> [Problem to solve]
The material below includes pictures; leave them out and return only the lines between the line containing "食品級矽膠(建議使用溫度):-40 ~ +135度 |" and the line containing "Målade väggar och", inclusive, word for word.

> [Supplied data]
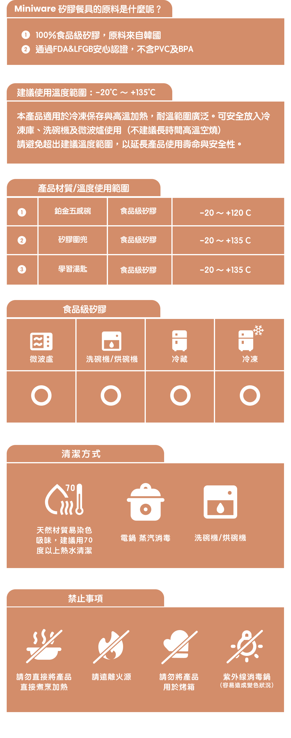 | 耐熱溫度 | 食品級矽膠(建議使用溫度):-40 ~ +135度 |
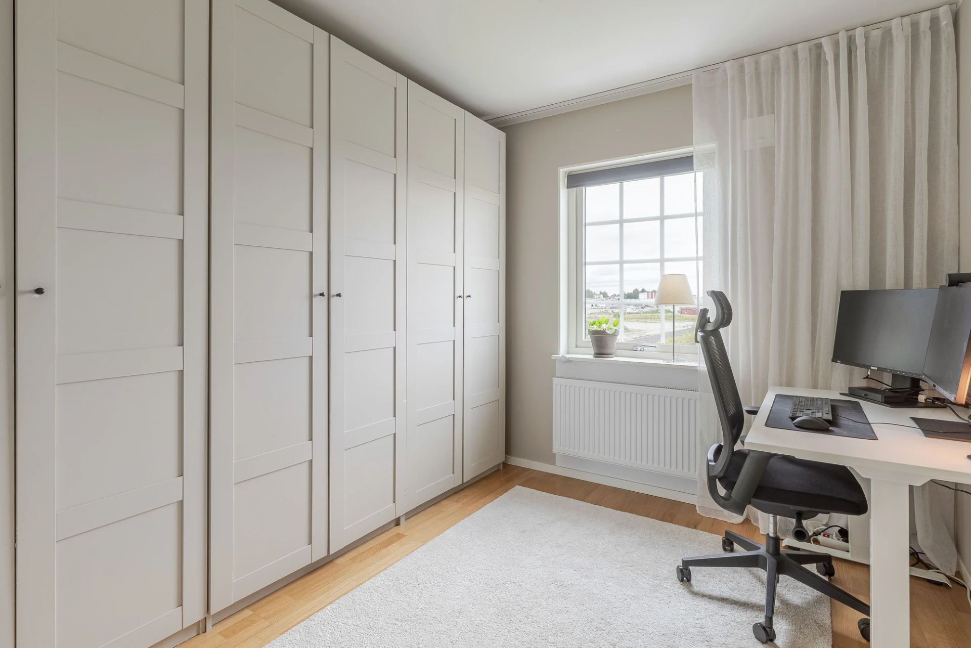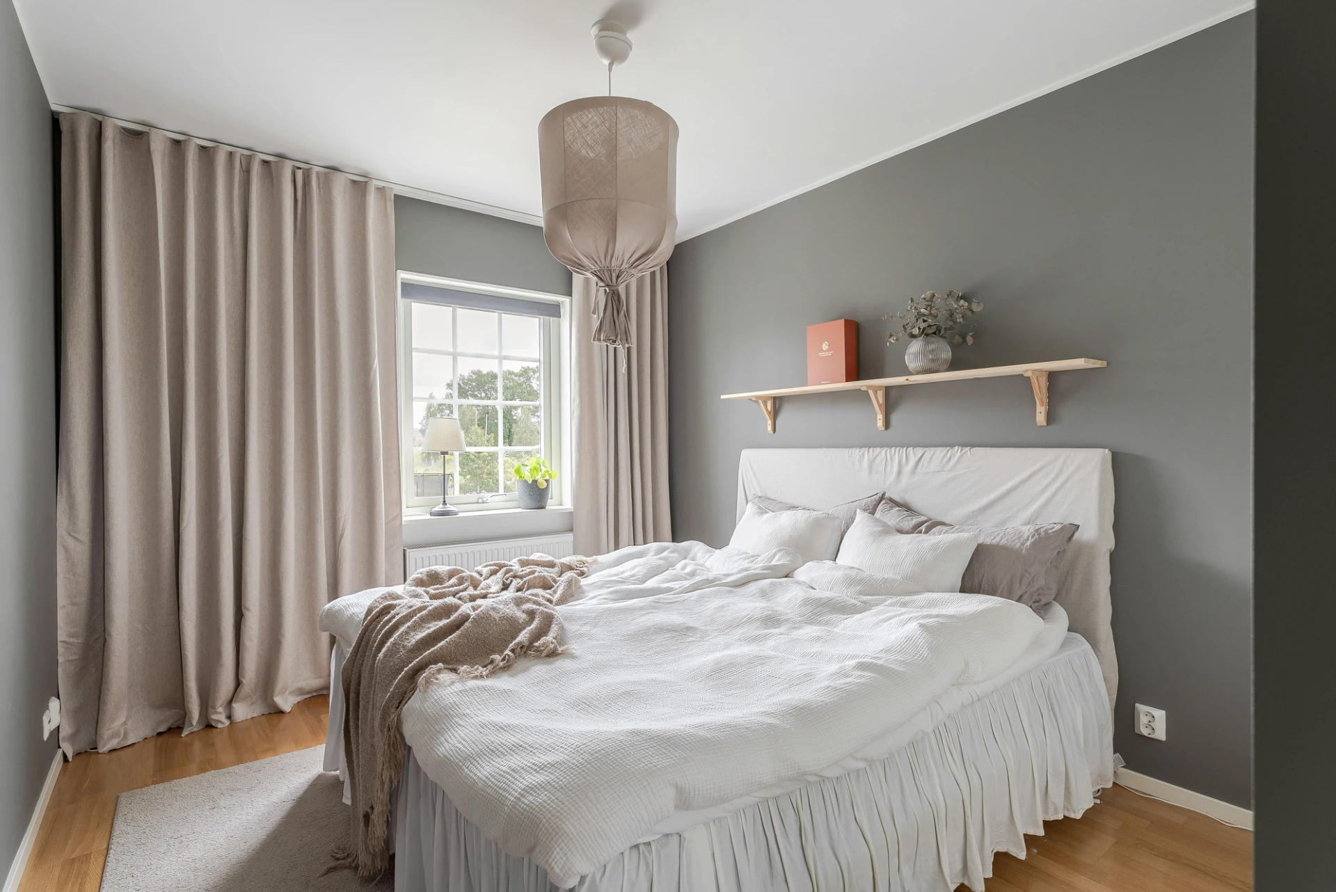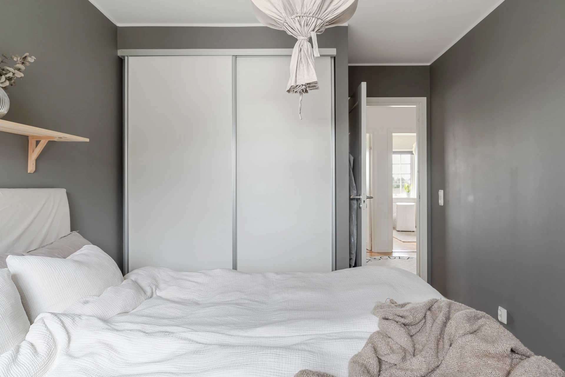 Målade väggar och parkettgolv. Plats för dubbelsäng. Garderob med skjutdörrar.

==

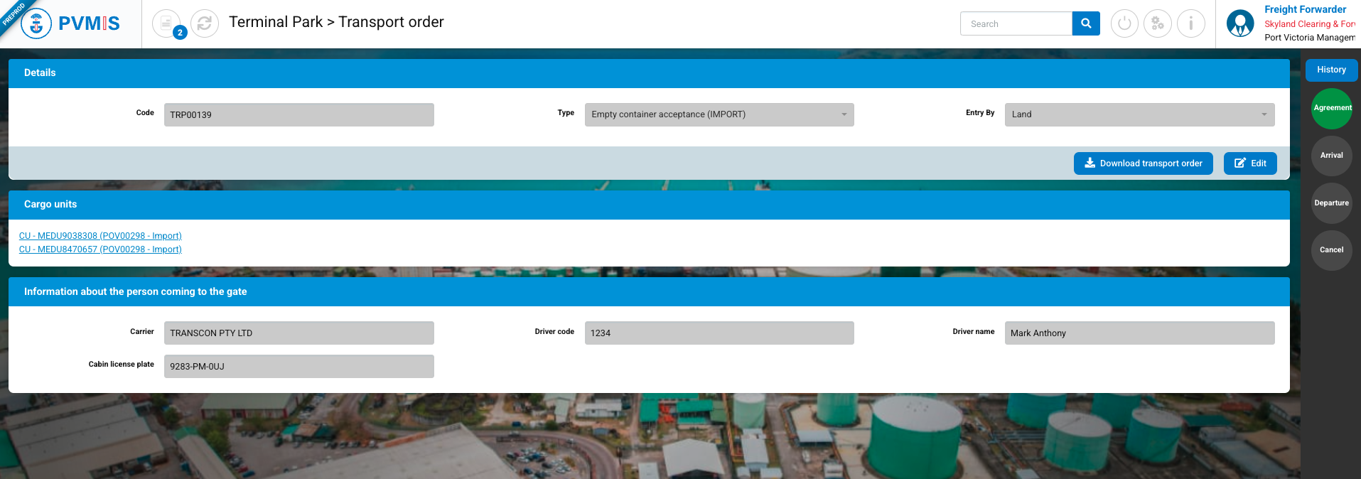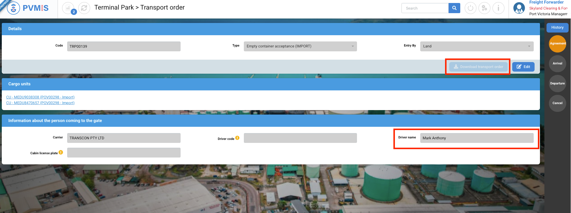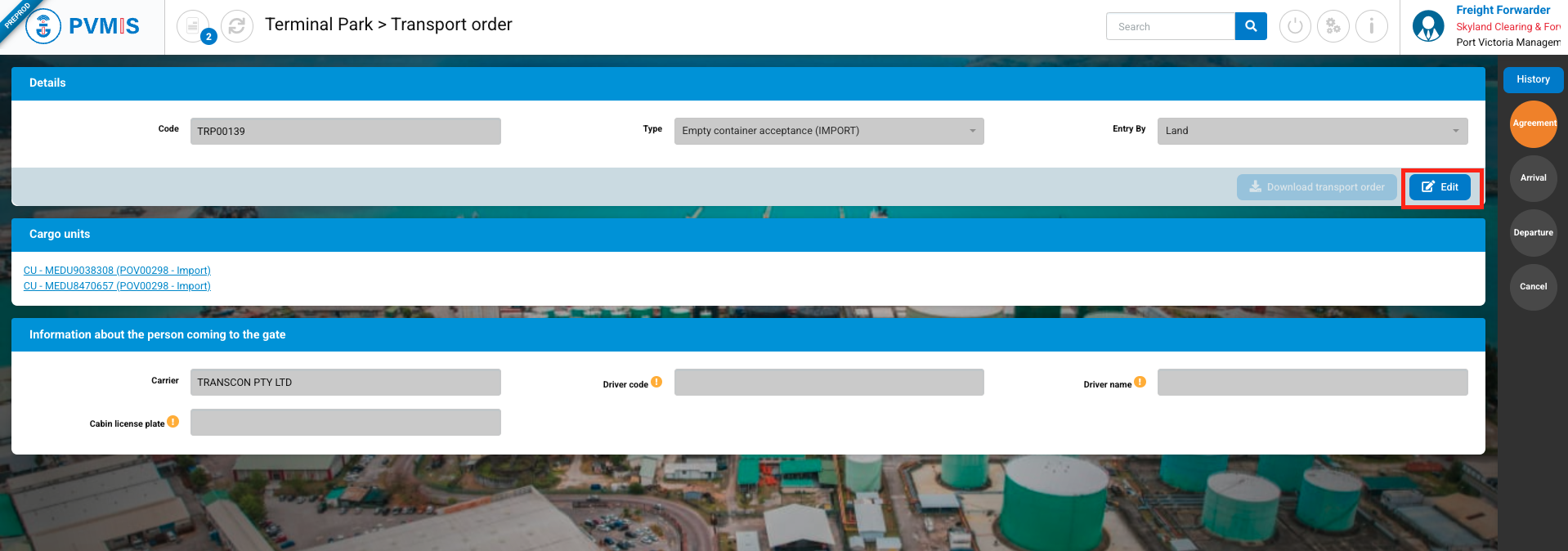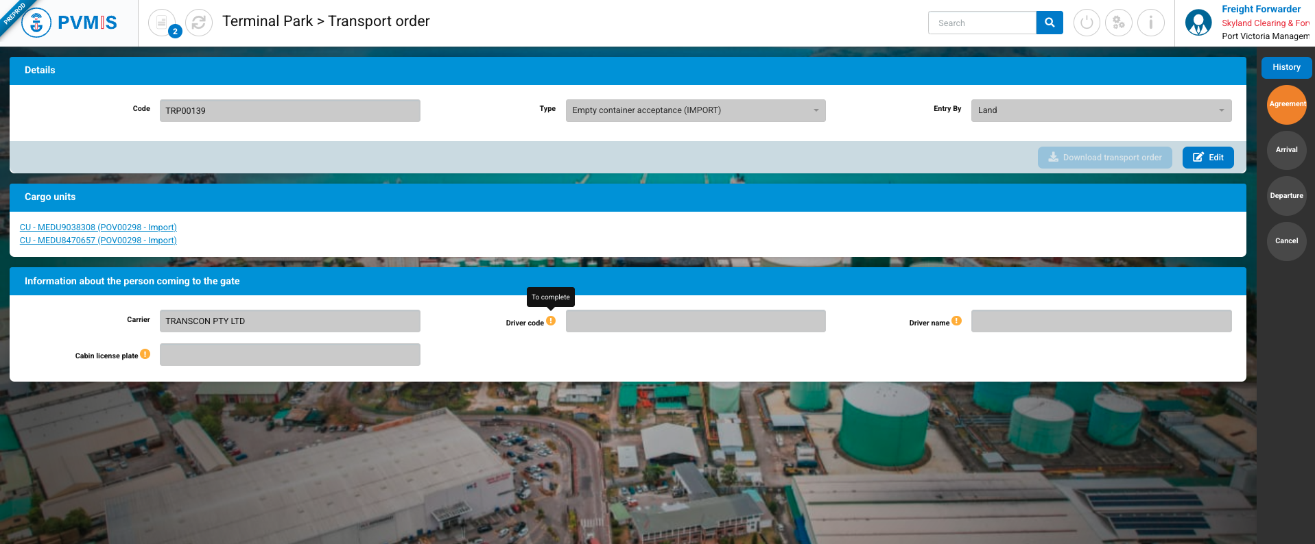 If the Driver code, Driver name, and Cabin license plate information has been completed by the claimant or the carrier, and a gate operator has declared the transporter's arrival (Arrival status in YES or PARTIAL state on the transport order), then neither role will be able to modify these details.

> [Output of the exercise]
 | 耐熱溫度 | 食品級矽膠(建議使用溫度):-40 ~ +135度 |
 Målade väggar och parkettgolv. Plats för dubbelsäng. Garderob med skjutdörrar.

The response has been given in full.